>>10537<3
>>10538It took at least forty-five minutes of reading the wget manual, trying out variant commands, and searching the internet for existing solutions to similar problems to write that one line. I started by writing a lengthy wget command, which lasted until I found out that it was downloading the (large, slow) files I'd told it that I didn't want. It wasn't a bug, and there was no way to turn it off.
All you really need past a healthy knowledge of shell script syntax and a few core tools (like grep and the man pages) is the belief that *most* things can probably be automated in one way or another... and practice doing weird stuff in the command shell.
Experience will teach you how to identify a problem and break it into easier sub-problems that have likely been solved before, either by you or by someone on the internet -- I had to search through a few Stack Overflow threads before I found out that lynx is a tool that can dump links in a page. Many solutions to these problems tend to hide in the manual for tools you may be using. Wget's --no-clobber flag, for example, prevents downloading files you've already downloaded before.
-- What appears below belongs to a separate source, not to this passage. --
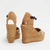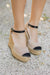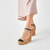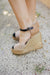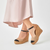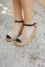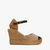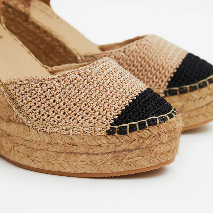 Su cuña de yute natural teñido al tono (10.5 cm atrás / 3 cm adelante) y la horma redonda estilizan la silueta sin renunciar al confort.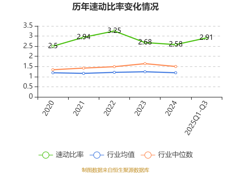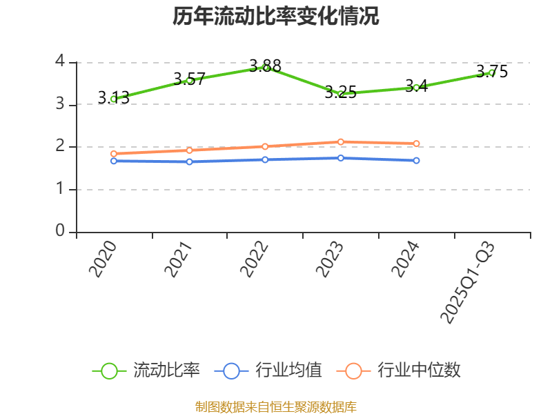 2025年前三季度,公司流动比率为3.75,速动比率为2.91。

You could view my code above as the combined solution to the problems of "Extract all the links from the page, find those that point to a PDF file, ignore those that I already have, and download the rest". Unix tools are often extremely effective at doing one job well, so it's usually better to glue many commands together than to use just one that claims to do it all.
As for specifics, I learned a lot from The Grymoire (
http://www.grymoire.com/Unix/). Other tips I've picked up from Googling for things like "bash tricks".